To properly access the Azure OpenAI Service, we need to create the proper resources at the [Azure Portal](https://portal.azure.com) (you can check a detailed guide on how to do this in the [Microsoft Docs](https://learn.microsoft.com/en-us/azure/cognitive-services/openai/how-to/create-resource?pivots=web-portal))

Once the resource is created, the first thing we need to use is its endpoint. You can get the endpoint by looking at the *"Keys and Endpoints"* section under the *"Resource Management"* section. Having this, we will set up the SDK using this information:

In [2]:
openai.api_base = os.environ["OPENAI_API_BASE"]

# Min API version that supports Whisper
openai.api_version = "2023-09-01-preview"

# Enter the deployment_id to use for the Whisper model
deployment_id = "<deployment-id-for-your-whisper-model>"

### Authentication

The Azure OpenAI service supports multiple authentication mechanisms that include API keys and Azure credentials.

In [3]:
# set to True if using Azure Active Directory authentication
use_azure_active_directory = False


#### Authentication using API key

To set up the OpenAI SDK to use an *Azure API Key*, we need to set up the `api_type` to `azure` and set `api_key` to a key associated with your endpoint (you can find this key in *"Keys and Endpoints"* under *"Resource Management"* in the [Azure Portal](https://portal.azure.com))

In [4]:
if not use_azure_active_directory:
    openai.api_type = 'azure'
    openai.api_key = os.environ["OPENAI_API_KEY"]

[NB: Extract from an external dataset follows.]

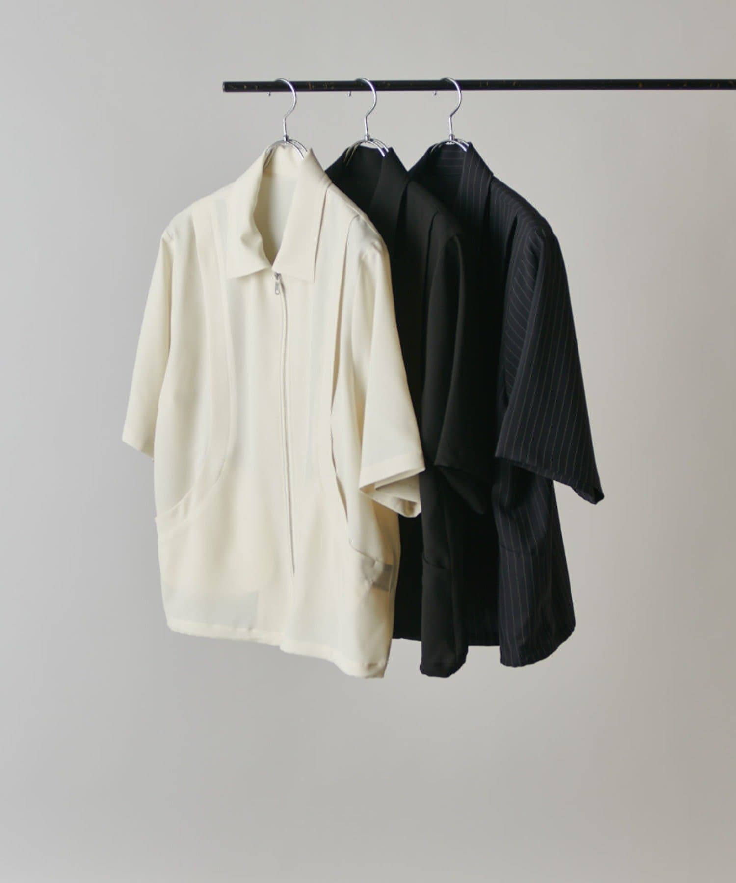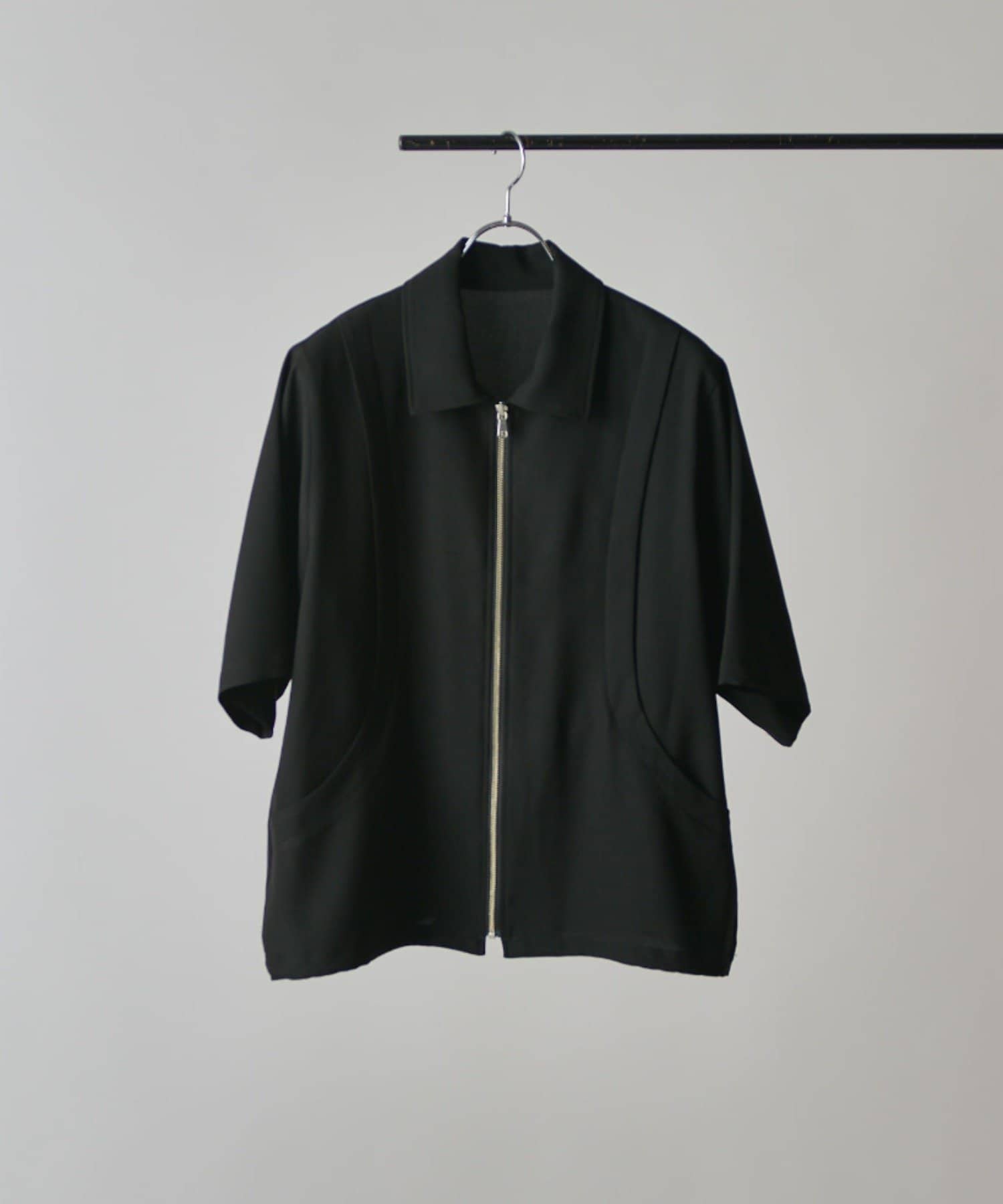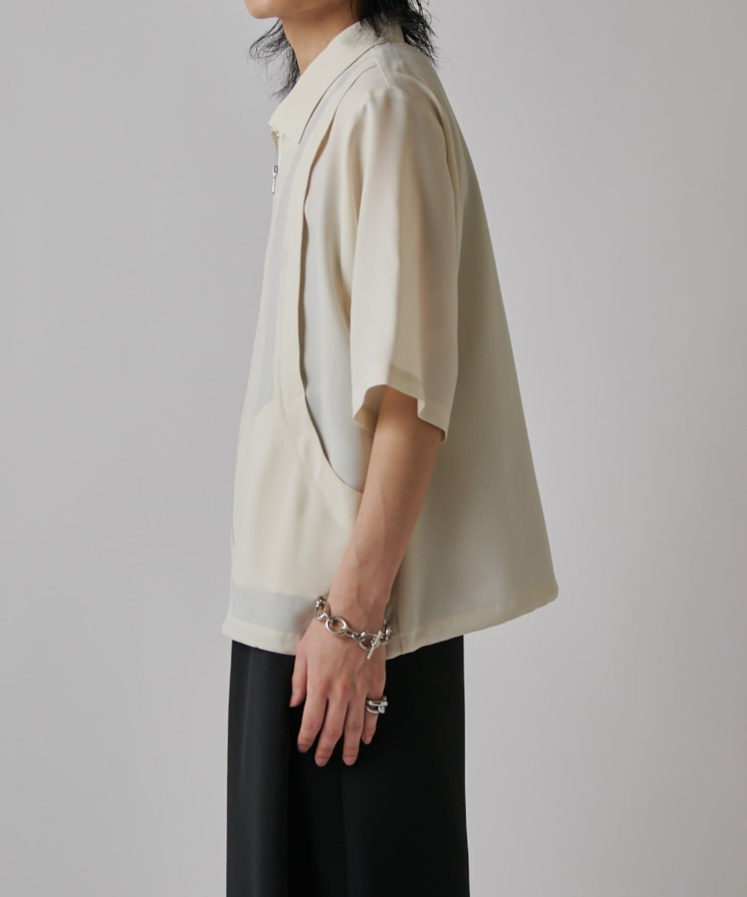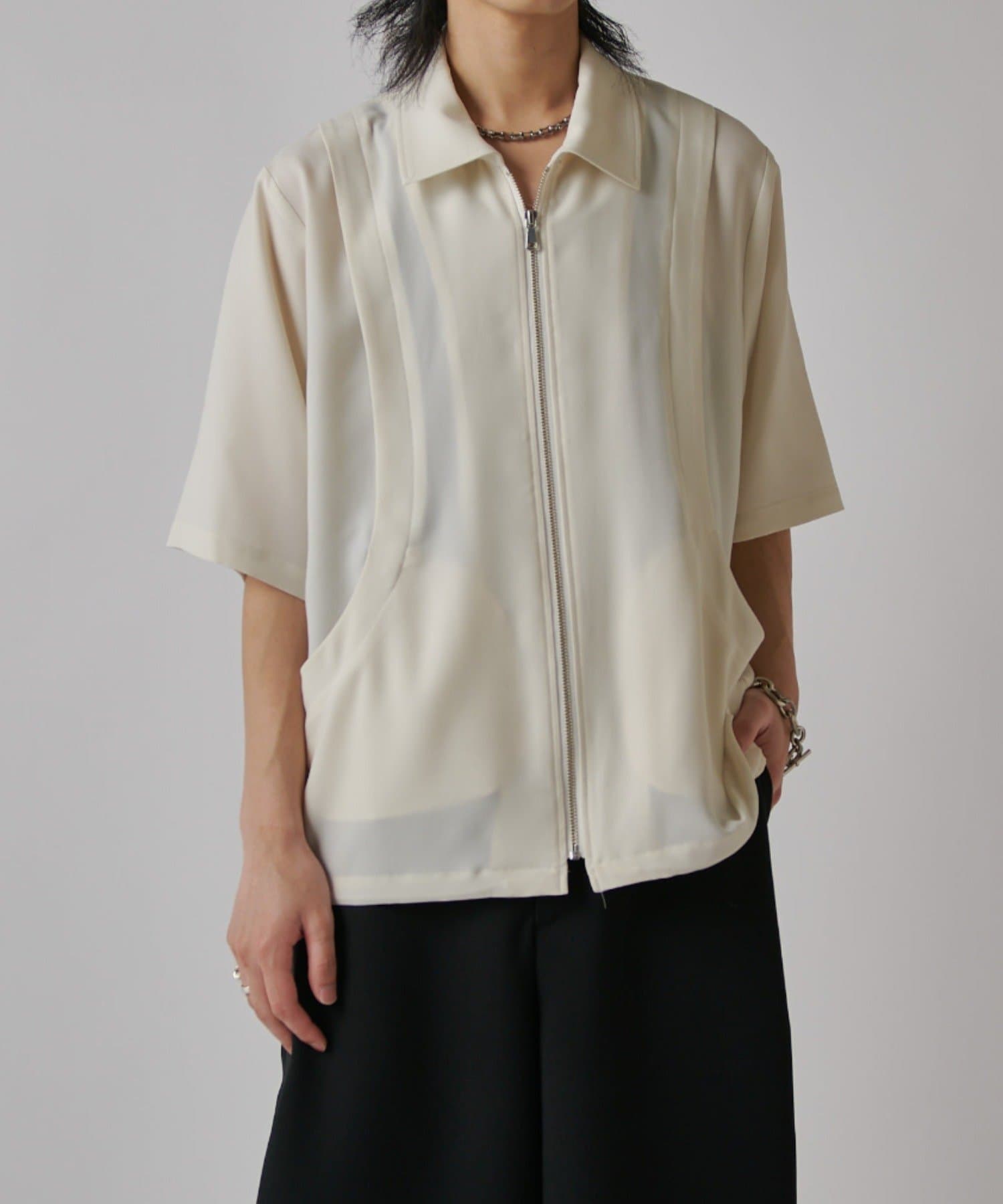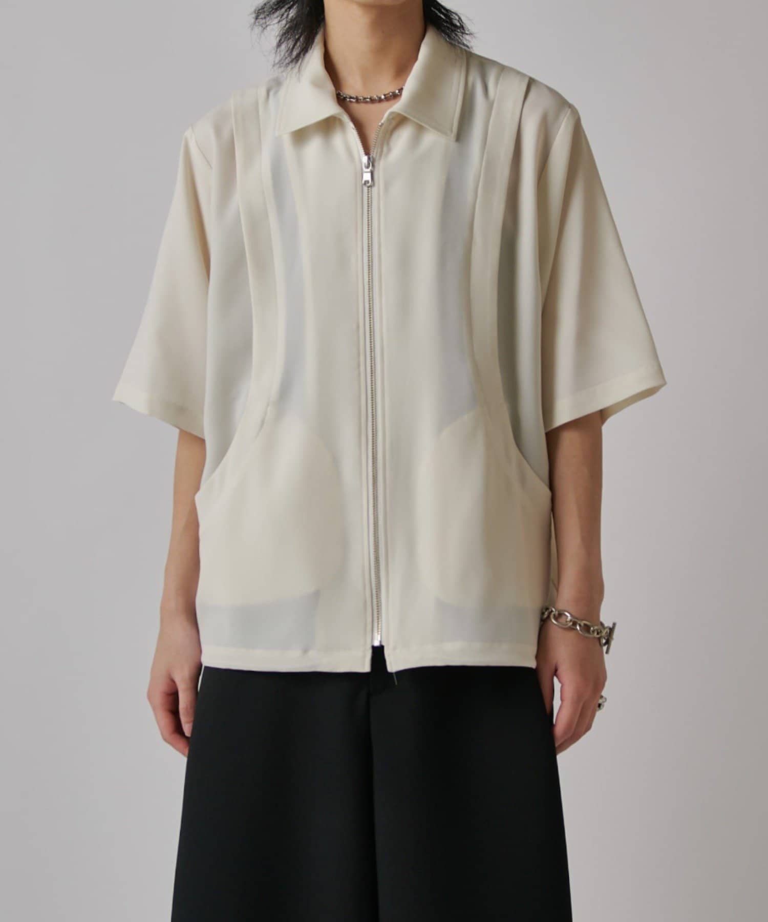 ・レイヤードデザインが特徴の半袖ジップシャツ。

#### Authentication using Azure Active Directory
Let's now see how we can get a key via Microsoft Active Directory Authentication.

In [None]:
from azure.identity import DefaultAzureCredential

if use_azure_active_directory:
    default_credential = DefaultAzureCredential()
    token = default_credential.get_token("https://cognitiveservices.azure.com/.default")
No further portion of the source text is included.